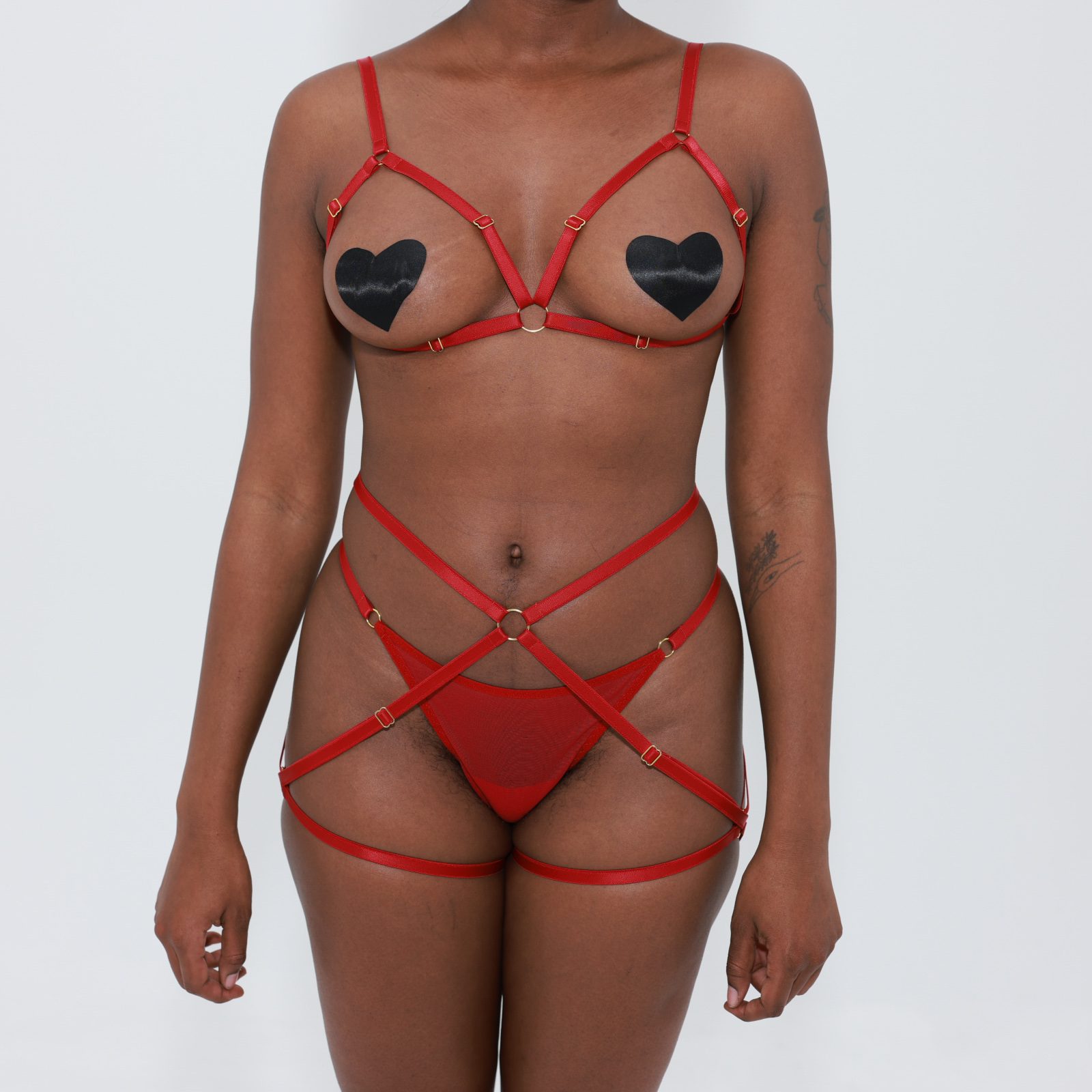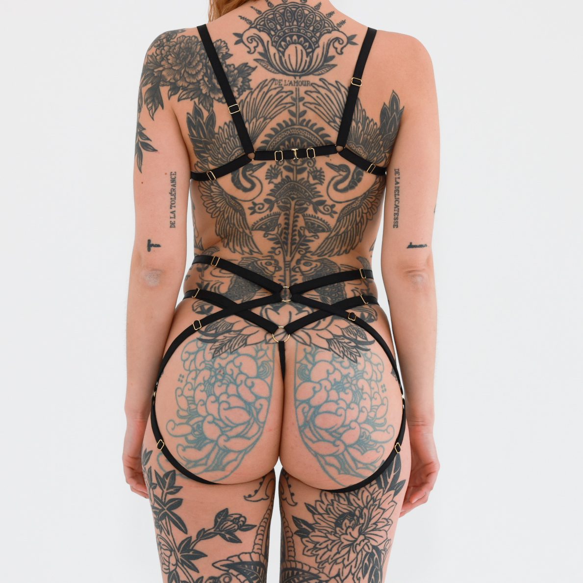 L’ensemble Honey-Baby se compose d’un haut effet soutien gorge et d’un harnais de hanches en douce lanières élastiques et réglables pour un ajustement parfait au corps.
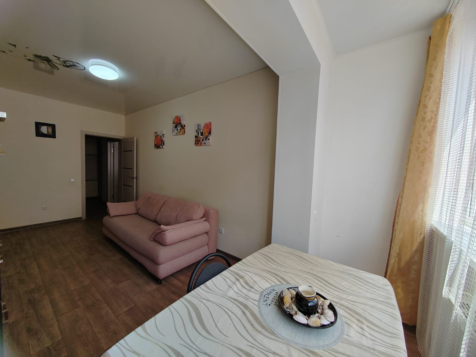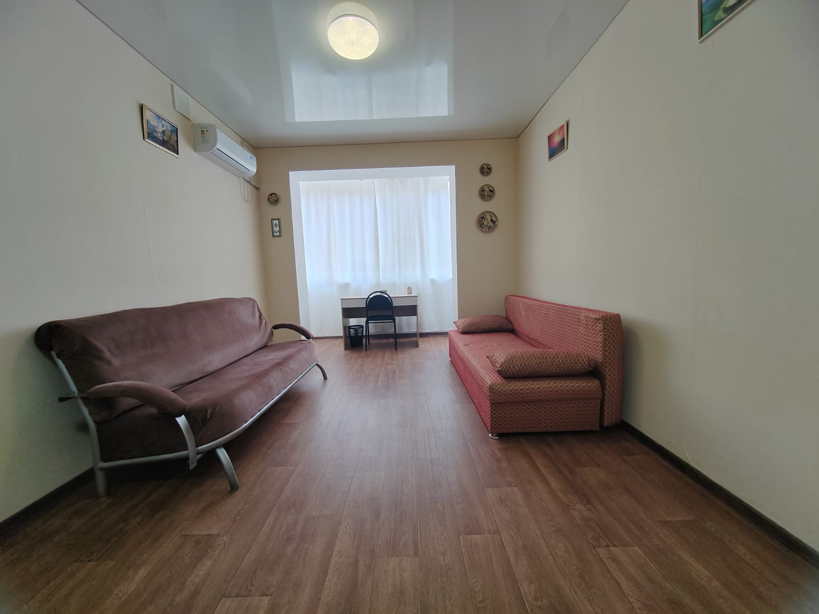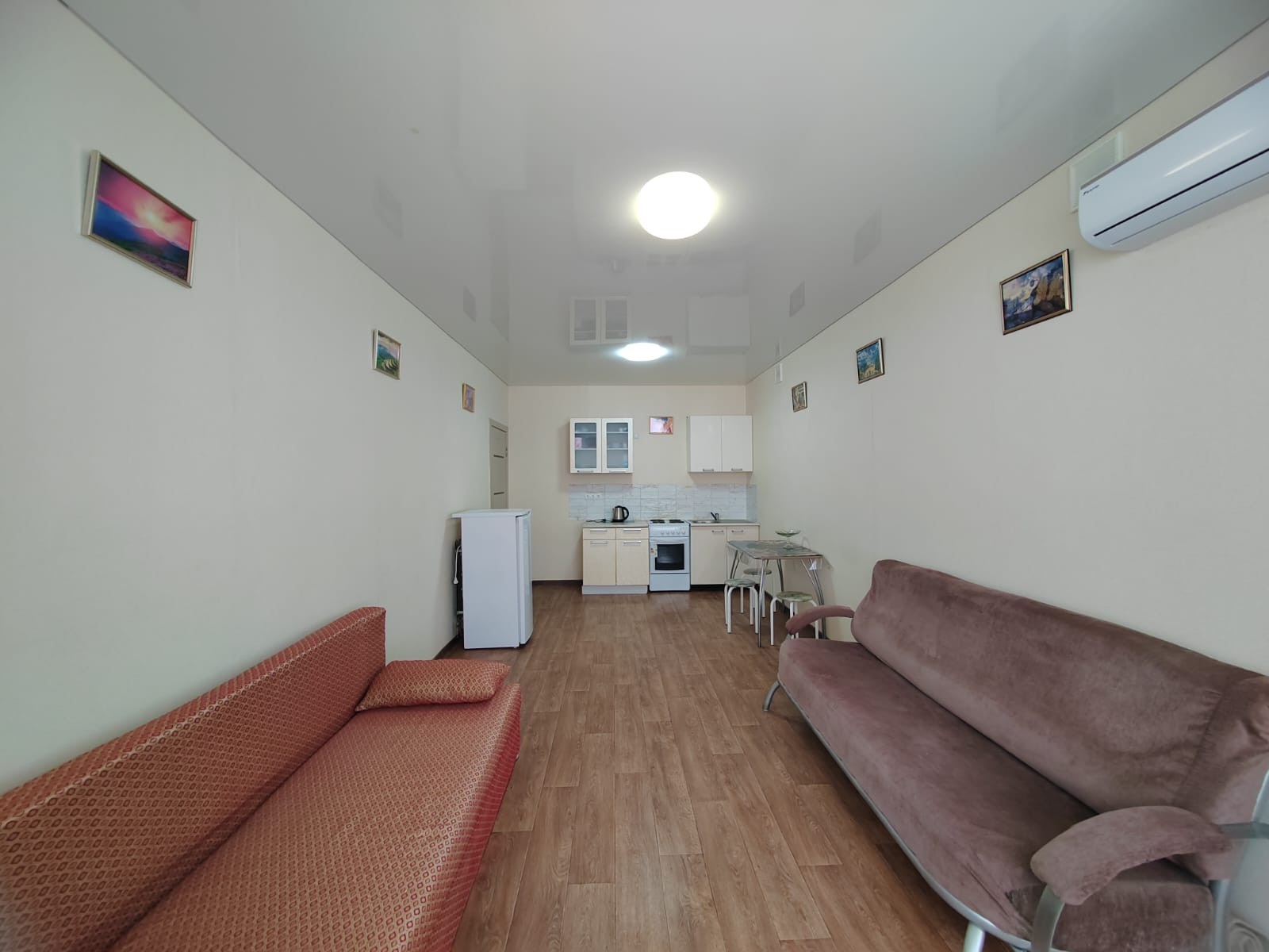 В квартире евро-планировка, она на фото. Кухня-студия (кухня+комната) 29м2 + комната 17м2, большой коридор 6,5м2 со шкафом-купе, просторный сан. узел 5м2. , он в плитке до потолка, установлена большая ванна, раковина, унитаз, бойлер. На стенах обои под покраску, натяжные потолки, на полу качественный линолеум, хорошие межкомнатные двери. В коридоре при входе плитка «Керама марацци», дорогая новая входная металлическая дверь в квартиру с качественными замками, все окна пластиковые. Удобные 3 дивана, шкаф-купе, стенка в спальне, кухонный гарнитур и обеденная зона.
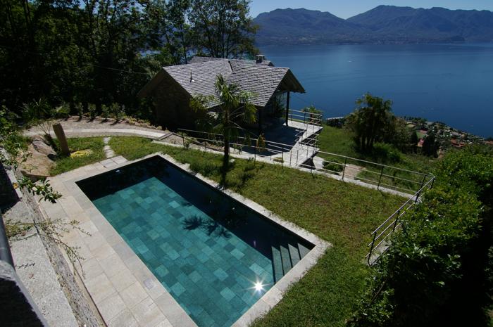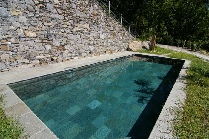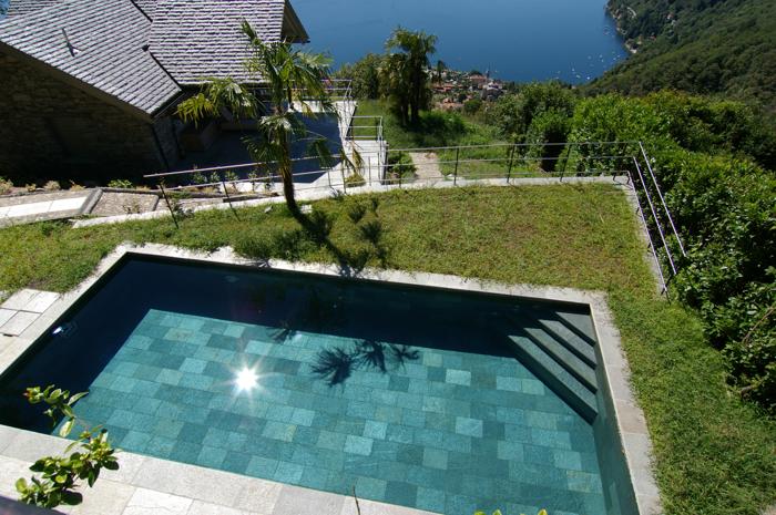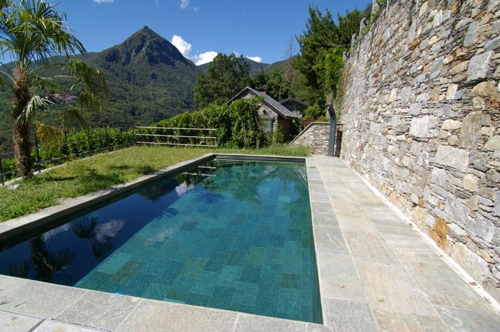 Una piscina inserita in un contesto naturale di pregio, con affaccio verso il lago e le montagne. Nella sua semplicità, trasmette un immediato senso di armonia con tutto ciò che la circonda, recuperando i codici stilistici di un'architettura in pietra tipica di questo luogo.
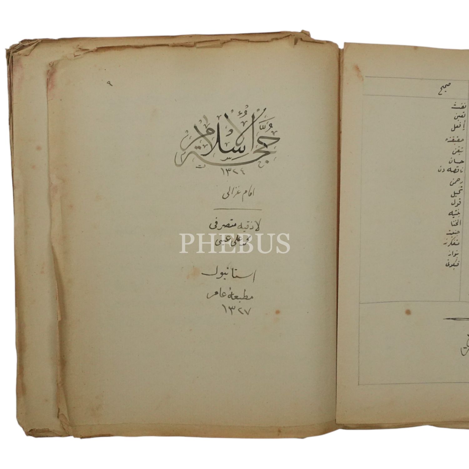 HÜCCETÜ´L-İSLÂM İMAM GAZÂLÎ, Mehmed Ali Aynî, Faik bin Siyahi Ahmed Paşa ketebeli, 1332-1914 tarihli, 367 sayfa, 24x18 cm...
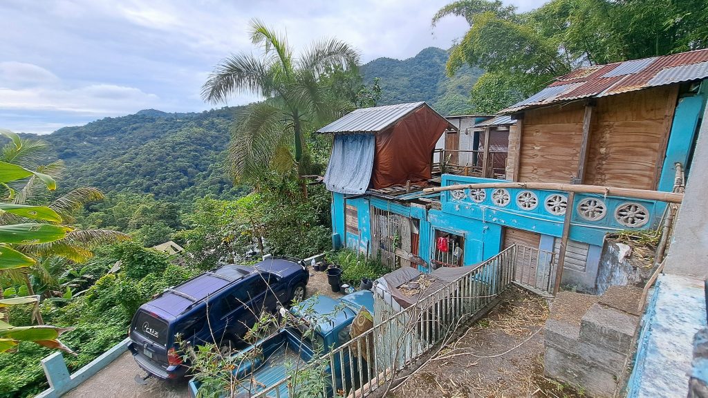Auf dem Weg in die Berge. Wir wollen die Hacienda Buena Vista besuchen. Anwesen am Straßenrand.
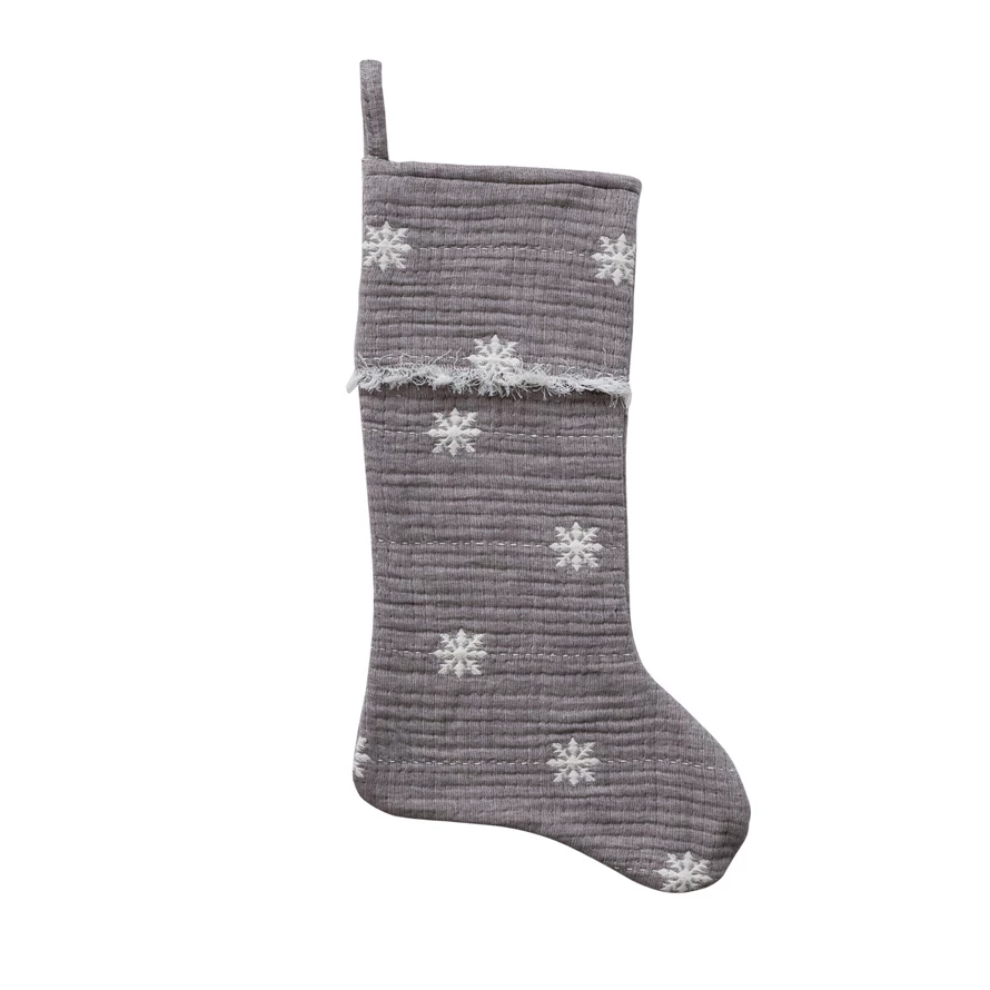 Catalog Name: 20"H Woven Cotton Double Cloth Stocking w/ Snowflakes, Eyelash Fringe & Hand-Embroidered Kantha Stitch, Grey & Natural
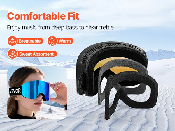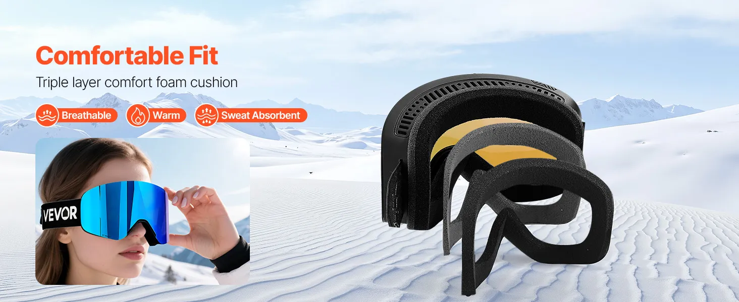 Soft triple-layer foam of the snowboard goggles gently contours to your face, absorbing shock and blocking cold air. The breathable, moisture-wicking design keeps you warm, sweat-free, and comfortable for all-day skiing.
*****
- **Exercise prompt**
Set the pictures aside and retype exactly the lines above from the line with "HÜCCETÜ´L-İSLÂM İMAM GAZÂLÎ, Mehmed" to the line with "Grey & Natural", both included, adding no others.

- **Answer for this exercise**
 HÜCCETÜ´L-İSLÂM İMAM GAZÂLÎ, Mehmed Ali Aynî, Faik bin Siyahi Ahmed Paşa ketebeli, 1332-1914 tarihli, 367 sayfa, 24x18 cm...
Auf dem Weg in die Berge. Wir wollen die Hacienda Buena Vista besuchen. Anwesen am Straßenrand.
 Catalog Name: 20"H Woven Cotton Double Cloth Stocking w/ Snowflakes, Eyelash Fringe & Hand-Embroidered Kantha Stitch, Grey & Natural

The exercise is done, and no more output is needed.